▶ [What to do]:
In the listing below, find the line with "从一周来看,最平静的是星期日,仅占攻击数量的11.35%。" and the line with "第一步是把淋浴頭和管子連接起", then return them and every line between them exactly, minus the pictures.

▶ [Material supplied]:
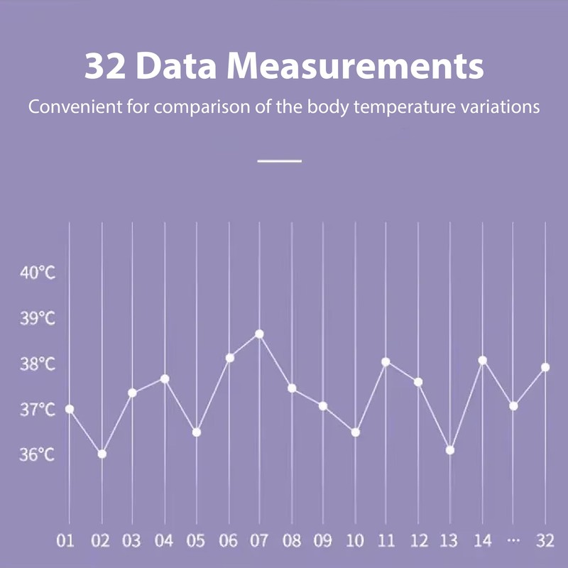 Track Your Temperature – The digital thermometer allows you to capture up to 32 data measurements providing a convenient comparison of the body temperature variations.
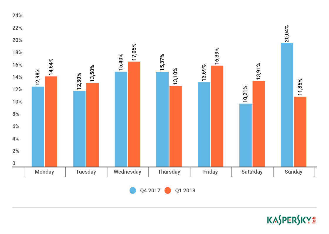 从一周来看,最平静的是星期日,仅占攻击数量的11.35%。
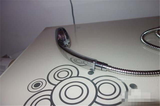 第一步是把淋浴頭和管子連接起來,在連接的時候記得要把橡膠墊,放在連接處,用扳手擰緊。(不放橡膠墊容易漏水,所以一定要放上橡膠墊)完成效果如下圖所示。
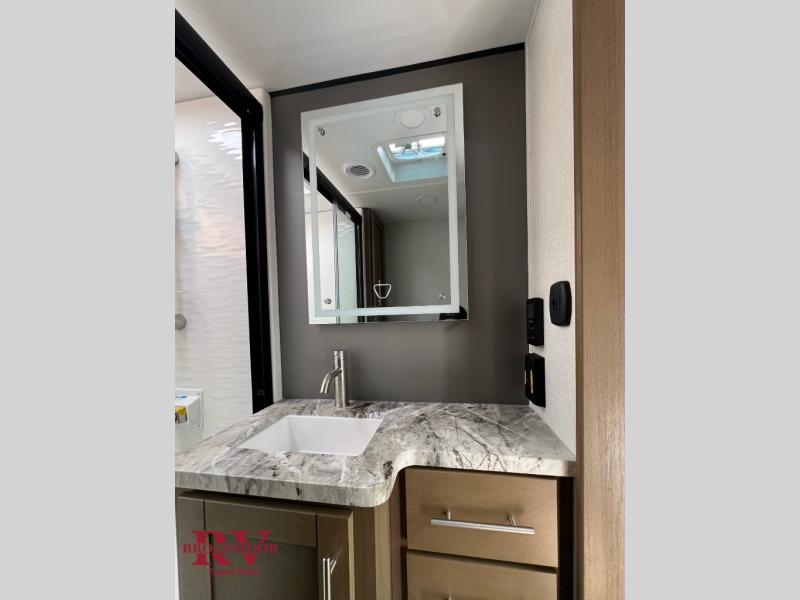 Embrace the great outdoors with a Fuzion Impact Edition toy hauler by Keystone! There are laminated fiberglass sidewalls and a 8' 4" wide-body construction for your toys and gear! The one-piece polypropylene heated underbelly includes enclosed tanks and valves which will help extend your camping season, and the leaf spring suspension system will provide smooth towing. Head inside to enjoy night shades, hardwood cabinetry, and fiberglass backed linoleum floor with no carpet for easy cleaning. Each model also includes a Girard on-demand water heater, two 30 lb. LP tanks, recessed LED puck lighting throughout, and the list of comforts goes on!
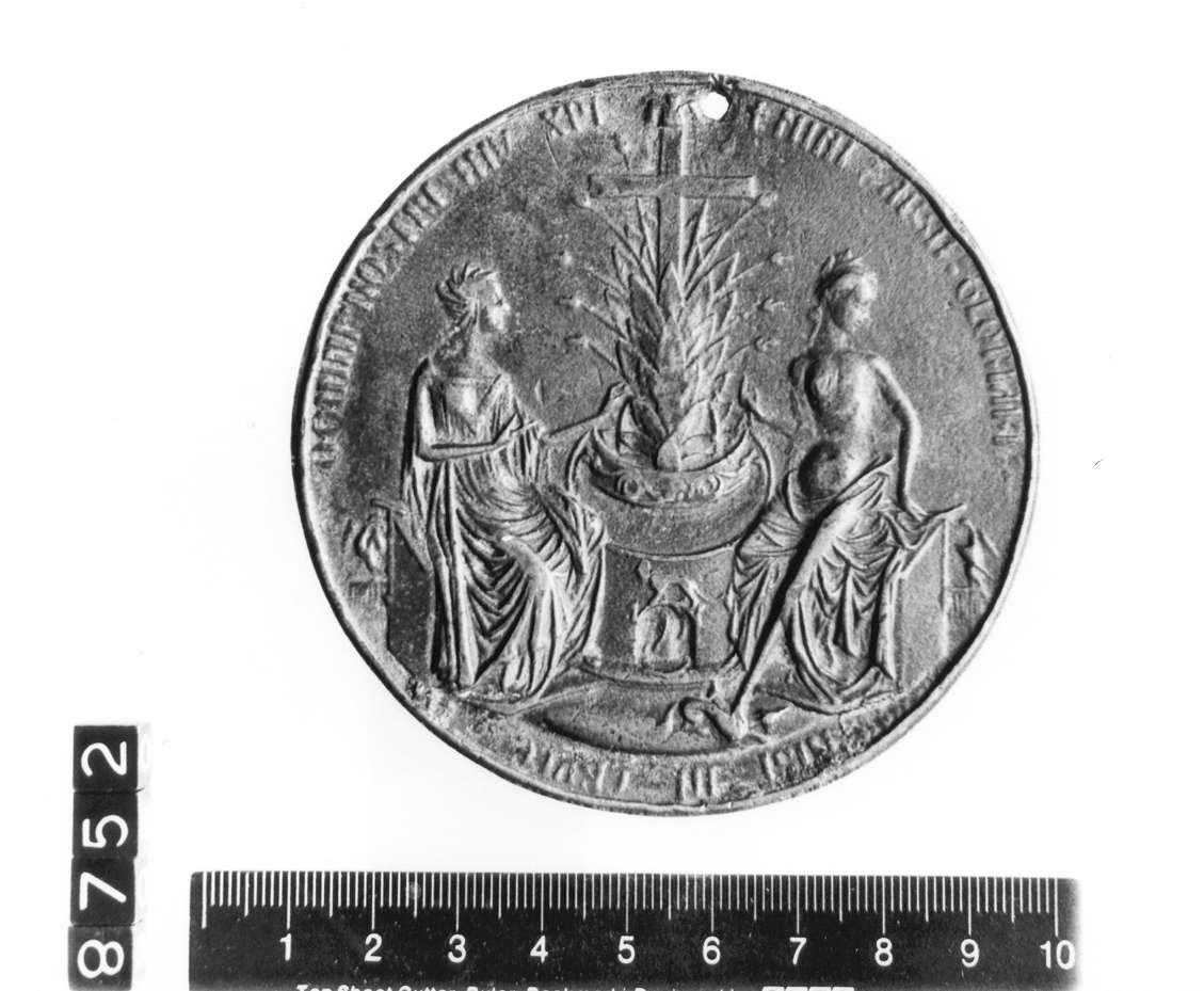 Dritto: L'imperatore coronato e indossante una lunga tunica, su un cavallo riccamente bardato incedente al passo verso destra. Rovescio: Sul campo, al centro, una fontana, costituita da un bacino circolare entro il quale si inserisce un secondo bacino con il bordo decorato da cui si eleva una pianta con larghe foglie e fiori; in mezzo alla quale sporge l'estremità superiore di una croce; ai lati del fonte siedono due figure femminili, una, più anziana, completamente vestita con un'ampia tunica e con il capo coperto, l'altra, più giovane, semipanneggiata, con una sorta di turbante in testa e un panno che le copre (continua in OSS)
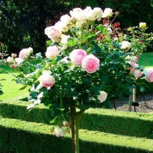 Опис характеристик штамбової троянди сорту Едем: · штамб висотою 120-130 см, з двома щепленнями; · троянди пишні, чашоподібні; · діаметр квітки до 10 см; · форма старовинна, англійська; · аромат - сильний, солодкий; · цвітіння з червня по вересень; · сорт багаторічний; · морозостійкість - середня зимує в ґрунті під укриттям.
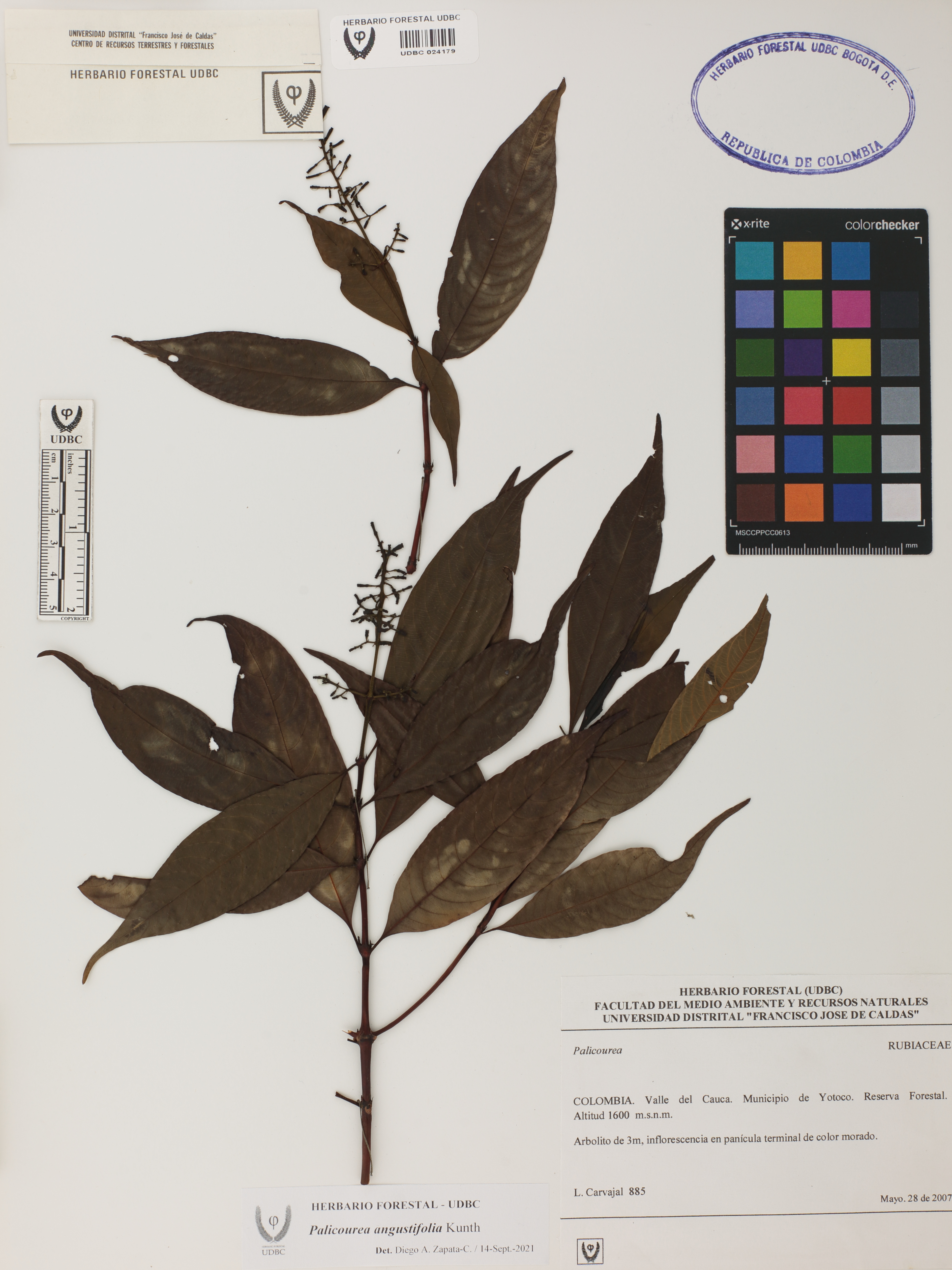 | dc.description | Fotografía del ejemplar Carvajal, L. 885, determinado como Palicourea angustifolia en el año 2021 | |

▶ [Response]:
 从一周来看,最平静的是星期日,仅占攻击数量的11.35%。
 第一步是把淋浴頭和管子連接起來,在連接的時候記得要把橡膠墊,放在連接處,用扳手擰緊。(不放橡膠墊容易漏水,所以一定要放上橡膠墊)完成效果如下圖所示。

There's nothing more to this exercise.